Historical perspective
In April 2005, wherein, India and Japan announced collaboration for feasibility and possible funding of the dedicated rail freight corridors, and RITES was entrusted with the feasibility study of both eastern and western corridors, followed by formation of a Planning Commission's Task Force to prepare a concept paper on Delhi-Mumbai (Western) and Delhi-Howrah (Eastern) dedicated freight corridor projects, and to suggest a new organizational structure for planning, financing, construction and operation of these corridors.
In January 2006, RITES submitted the Feasibility Study Report of both the corridors and Cabinet approved Task Force's report, Cabinet Committee on Economic Affairs (CCEA) gave "in principle" approval to the Feasibility Study report. Subsequently, RITES submitted the PETS Report based on which the project was approved at a cost of ₹28,181 crore.

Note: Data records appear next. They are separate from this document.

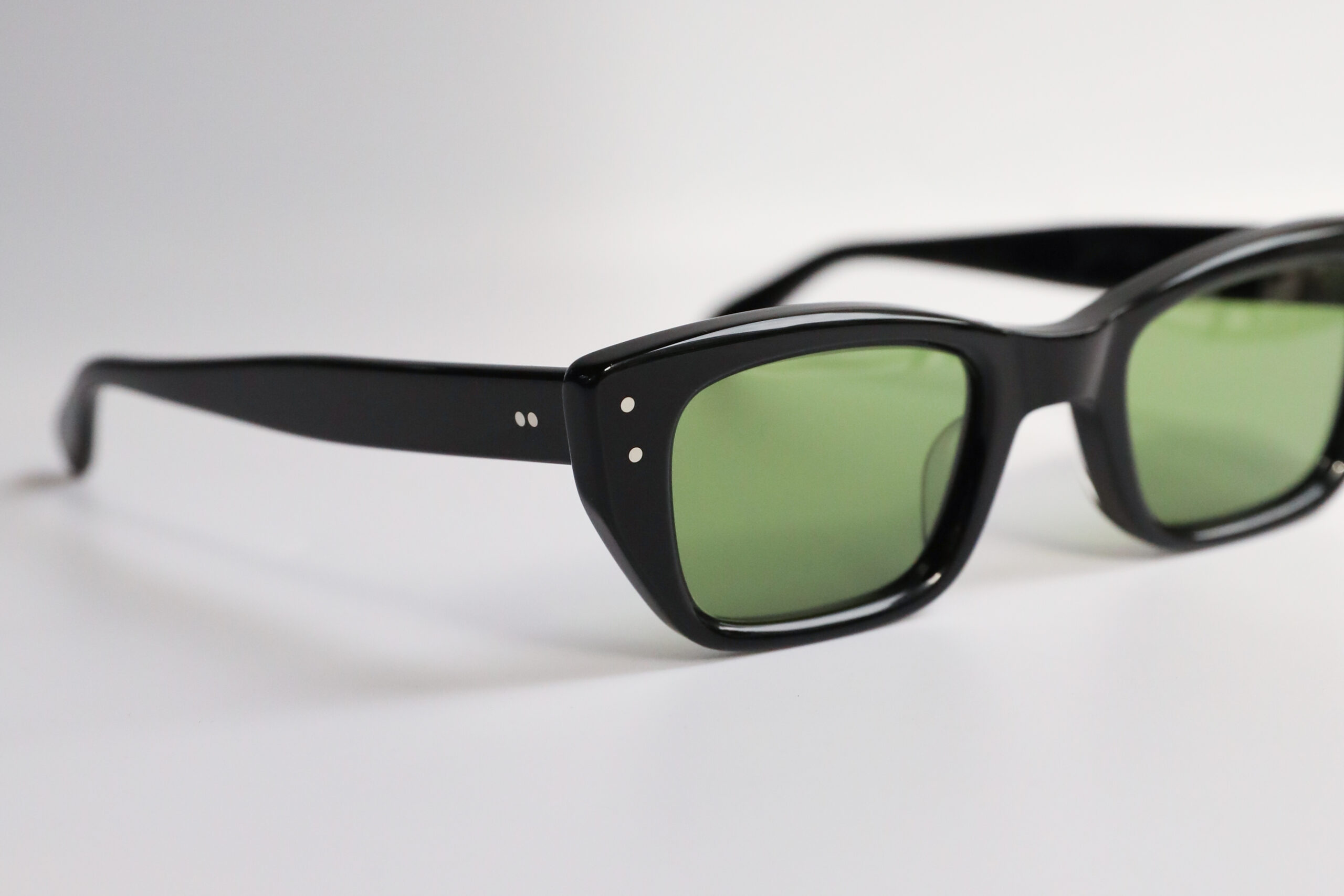 王道のブラックフレームに、深みのあるグリーンレンズ。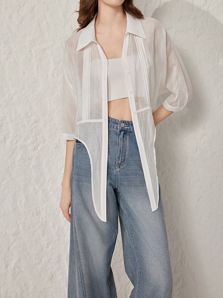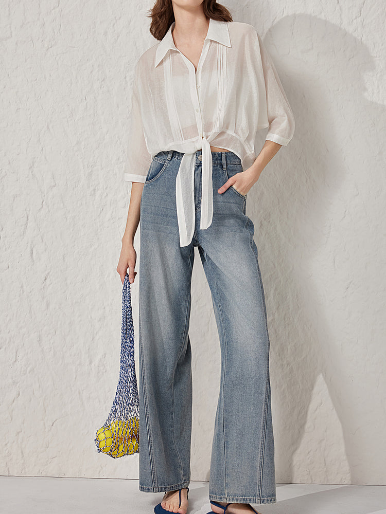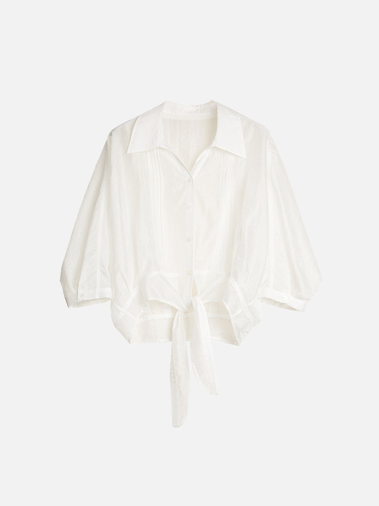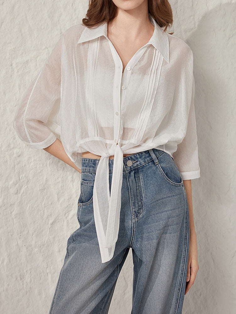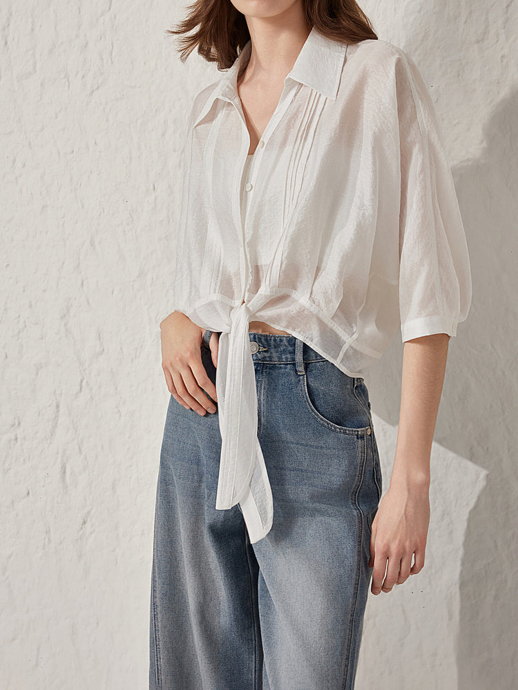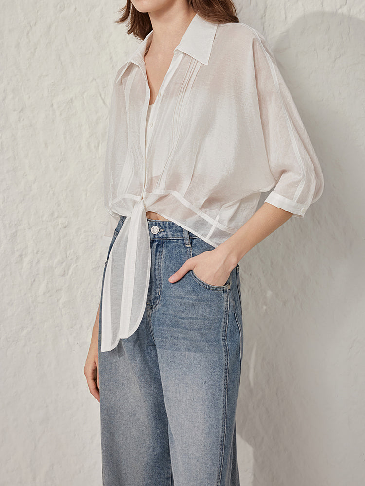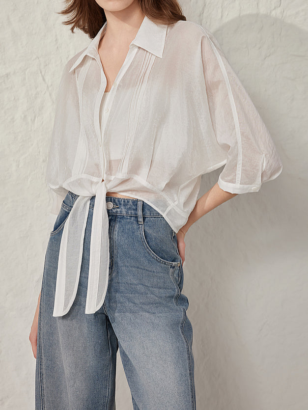 【フロントのタイディテールが目を引く、透け感のあるサマーシャツ】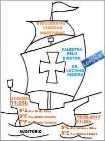 Vai realizar-se, na nossa Escola, no dia 17 e 19 de maio, uma palestra sobre as descobertas e as viagens marítimas que terá como comunicador o nosso Diretor, Dr. Luciano Ribeiro.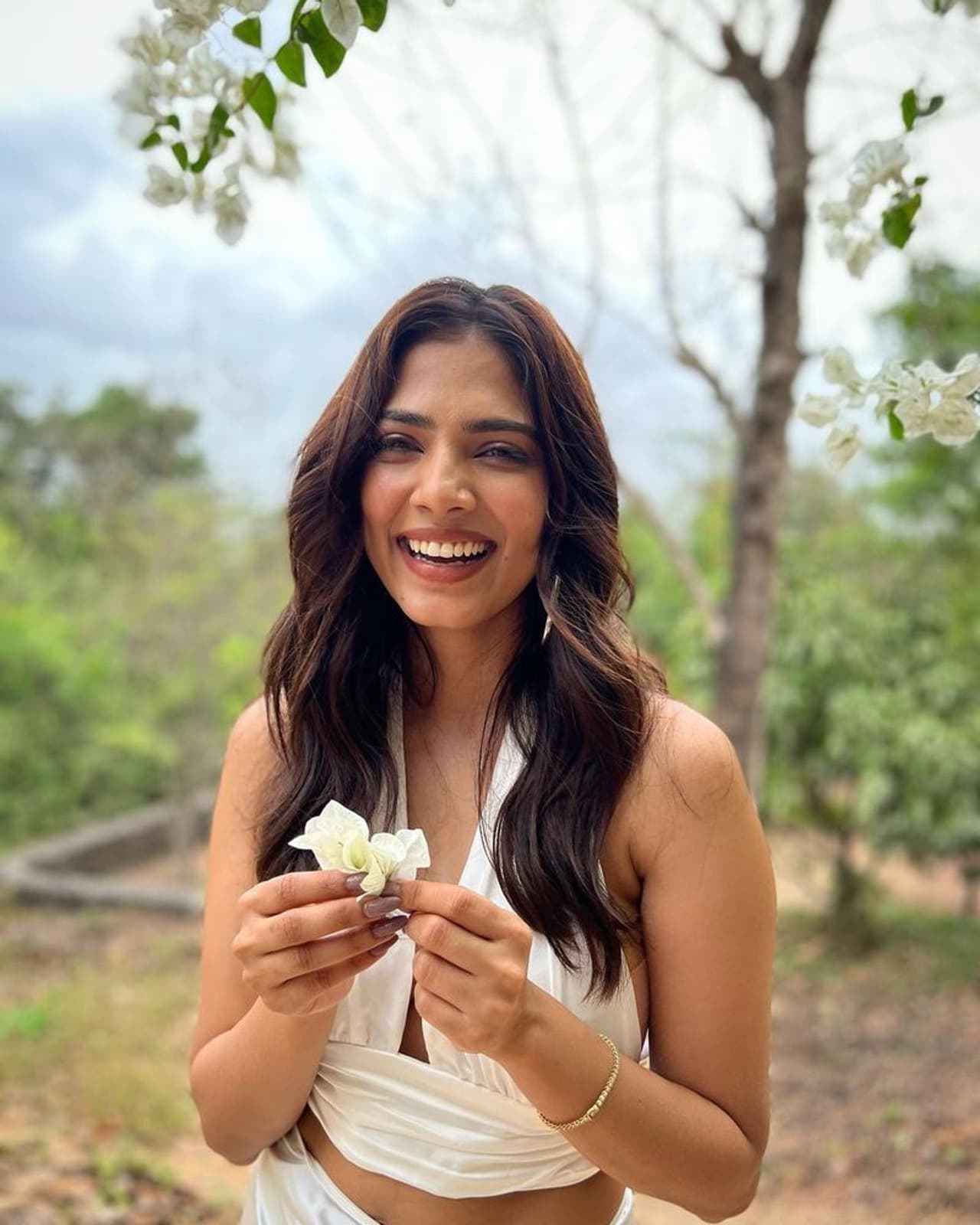 మాళవిక మోహనన్ లేటెస్ట్ గా ఓ గ్రీనరీ లొకేషన్లో చిలిపిగా నవ్వుతూ దిగిన రెండు ఫోటోలను పంచుకుంది. చూడబోతే వెకేషన్ పిక్స్ మాదిరిగా ఉన్నాయి. వైట్ ట్రెండీ టాప్ ధరించి టాప్ అందాలను కొద్దికొద్దిగా చూపిస్తూ దోబూచులాడుతుంది. చేతిలో ఫ్లవర్స్ తో చిలిపిగా నవ్వుతుంది మాళవిక. (Malavika Mohanan Hot Photos.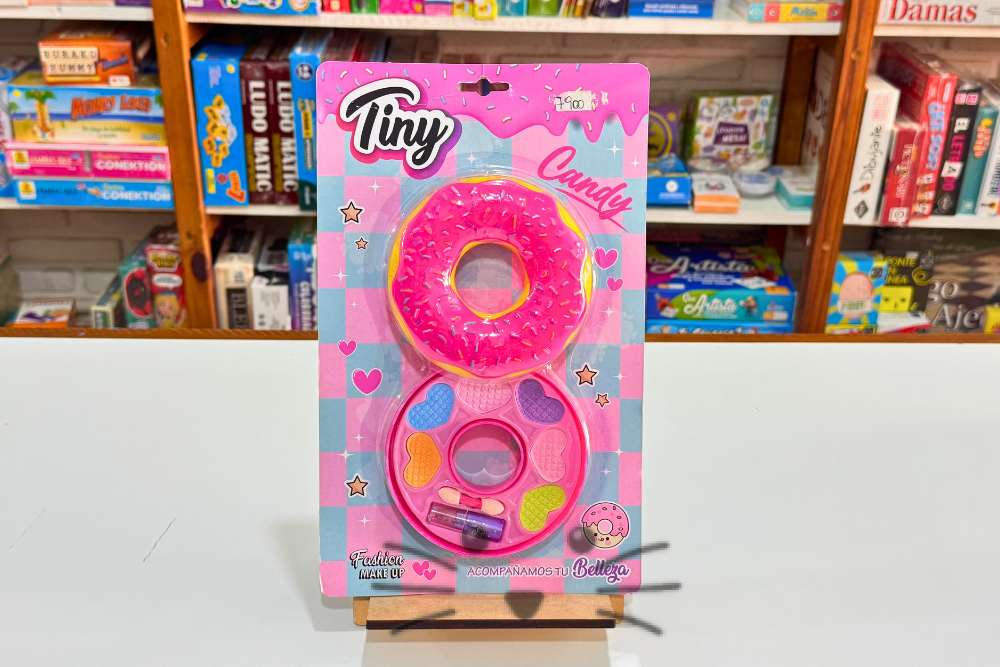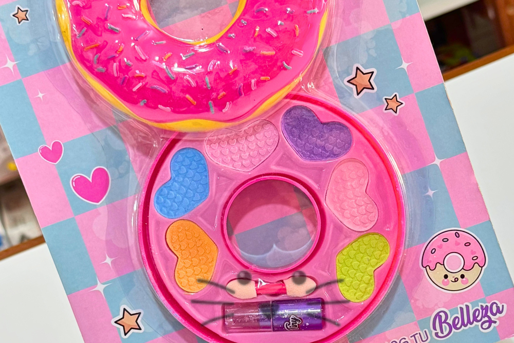 Set de maquillaje desplegable con forma de dona en color rosa. Contiene: 6 Sombras de ojos de diferentes colores, 1 labial, y 1 accesorio aplicador. Edad Sugerida: a partir de 5 años.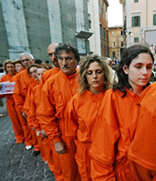 | | Members of an Italian branch of Amnesty International perform a protest dressed as Guantanamo prisoners in Rome's center. (AFP/Getty Images) | | | Washington - Anti-Americanism is at record levels thanks to US policies such as the war in Iraq, and Washington's perceived hypocrisy in abiding by its own democratic values, US lawmakers said this week.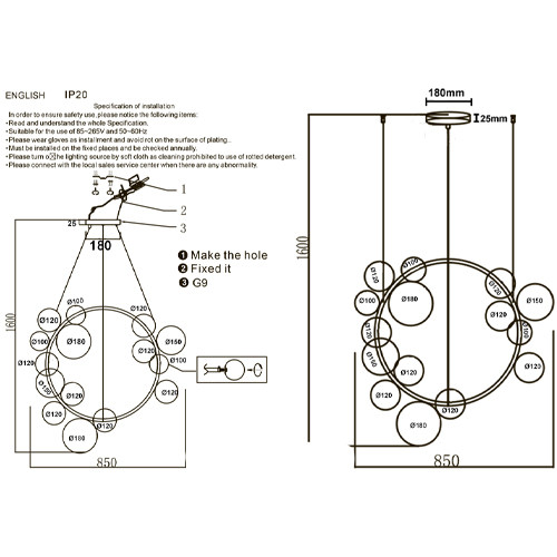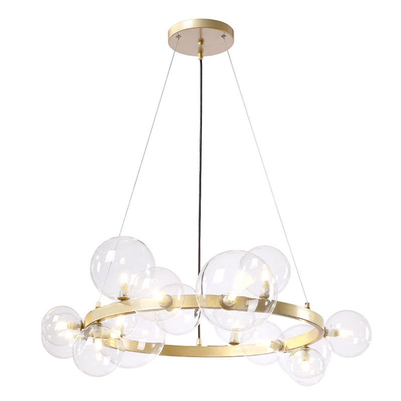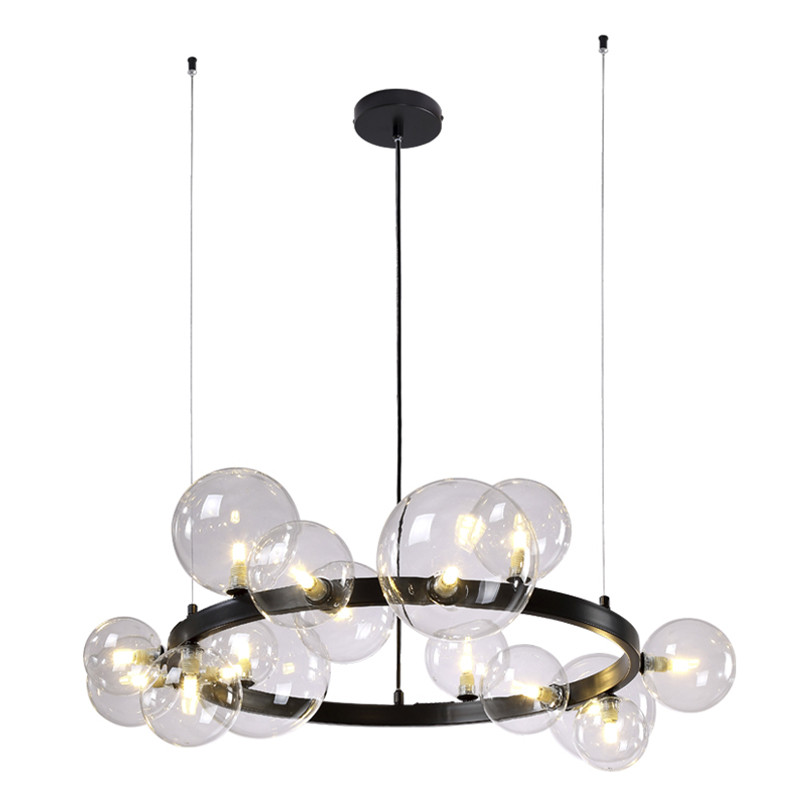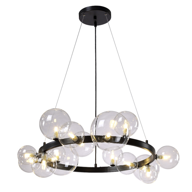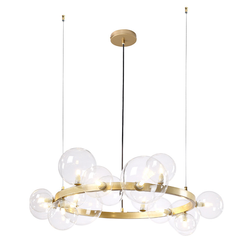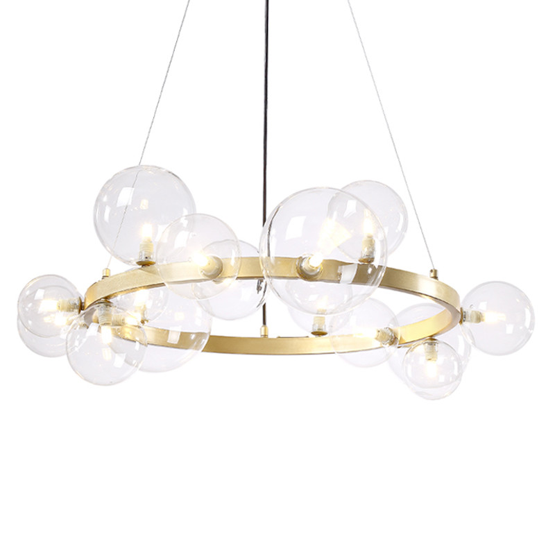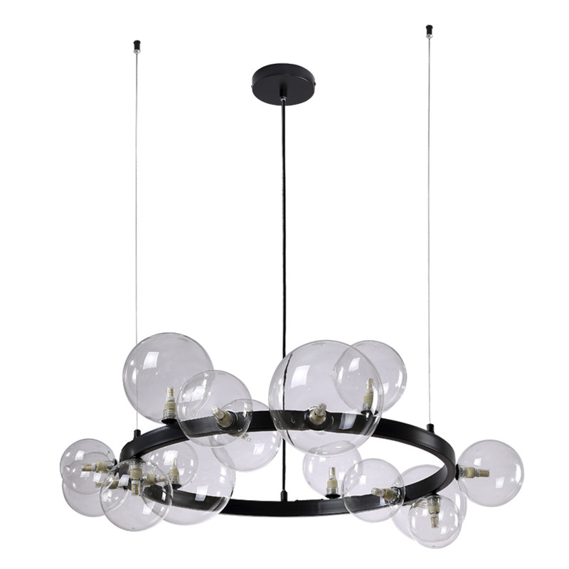 Люстра круглая подвесная с 15-ю прозрачными шарообразными плафонами из стекла Iona chandelier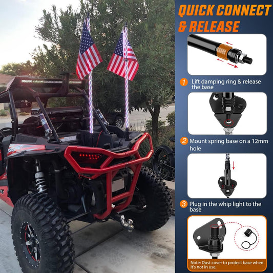 2PCS 3FT Spiral RGB Led Whip Light w/RGB Chasing Light RF Remote Control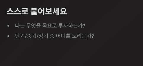 ✔ 단기/중기/장기 중 어디를 노릴 건가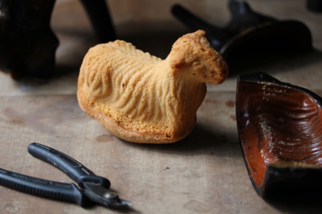 Die Tonformen brauchen im Ofen eine Stunde, die Blechformen eine halbe Stunde. Und dann kommt der besondere, spannende Moment! Das Osterlamm wird aus der Form gelöst. Mein Großvater durchtrennt mit einer Zange den Draht...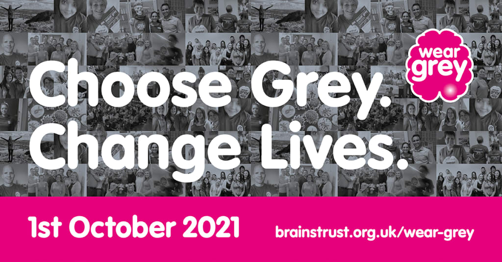 In October every year, Brainstrust holds it's annual “Wear Grey” initiative where people are encouraged to wear grey for a day to raise awareness of brain tumours and the difficulties that people suffering from brain tumours can experience. The initiative was first introduced back in 2012 and has evolved to become an annual event which takes place every October.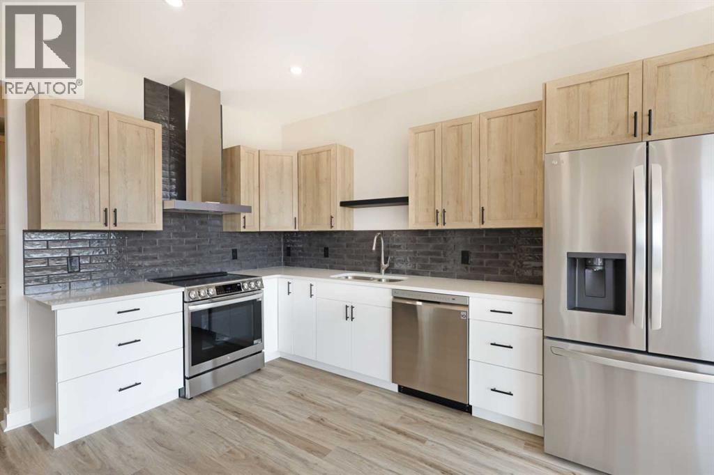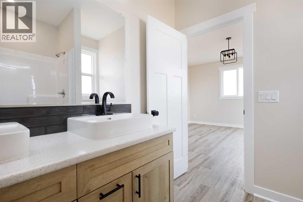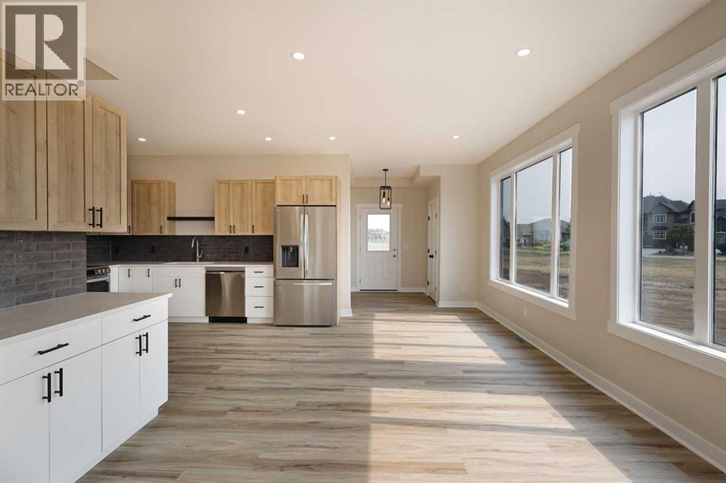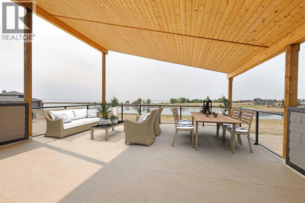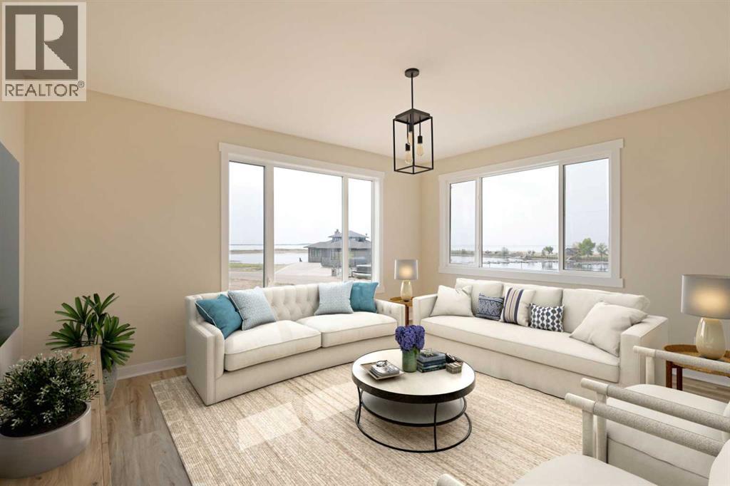 BRAND NEW BUILD - 43 KINGFISHER DRIVE is an image of modern design in the exclusive community of Lake Newell Resort. Located on an oversized .33 acre lot, with lake views, this property boasts 2248 square feet of totally uncharted living space. This home's building plans features an open concept design that smoothly blends the living & kitchen area on the main floor, which also contains the master bedroom, walk-in closet & ensuite bath. The main floor also includes a half bath, laundry room & access to the covered back. The second floor is where you will find the jewel feature of this home: an over 600 sq/ft covered deck, where you can enjoy gorgeous lake views while watching the sunrise or set. This space is especially designed as an outdoor cooking & dining area - your own private oasis. Complementary to the deck, the second floor offers a family room with a wet bar, sitting area, two bedrooms & a full bath. Other desirable features of this home include vinyl floors throughout, hardie board siding and in-floor heat for the garage and basement is roughed in. Don't miss this fantastic opportunity to own your own modern dream home in the highly sought-after community of Lake Newell Resort!! A great family community with plenty of outdoor activities all year round. Check out the 3D tour. GST is included in the purchase price. (id:53676)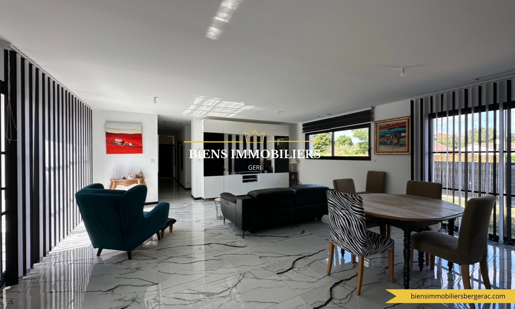 Votre agence BIENS IMMOBILIERS vous propose à la vente, cette magnifique maison de plain pied, contemporaine, située à Bergerac, à proximité des commerces et des écoles à pieds.

Dedicated Freight Corridors (DFC)
Under the Eleventh Five Year Plan of India (2007–12), the Ministry of Railways started constructing a new Dedicated Freight Corridor (DFC) in two long routes, namely the Eastern and Western freight corridors.[4] The two routes cover a total length of 3,260 kilometres (2,030 mi), with the Eastern Dedicated Freight Corridor stretching from Ludhiana in Punjab to Dankuni in West Bengal and the Western Dedicated Freight Corridor from Jawaharlal Nehru Port in Mumbai (Maharashtra) to Dadri in Uttar Pradesh.[5] Upgrading of transportation technology, increase in productivity and reduction in unit transportation cost are the focus areas for the project.[6]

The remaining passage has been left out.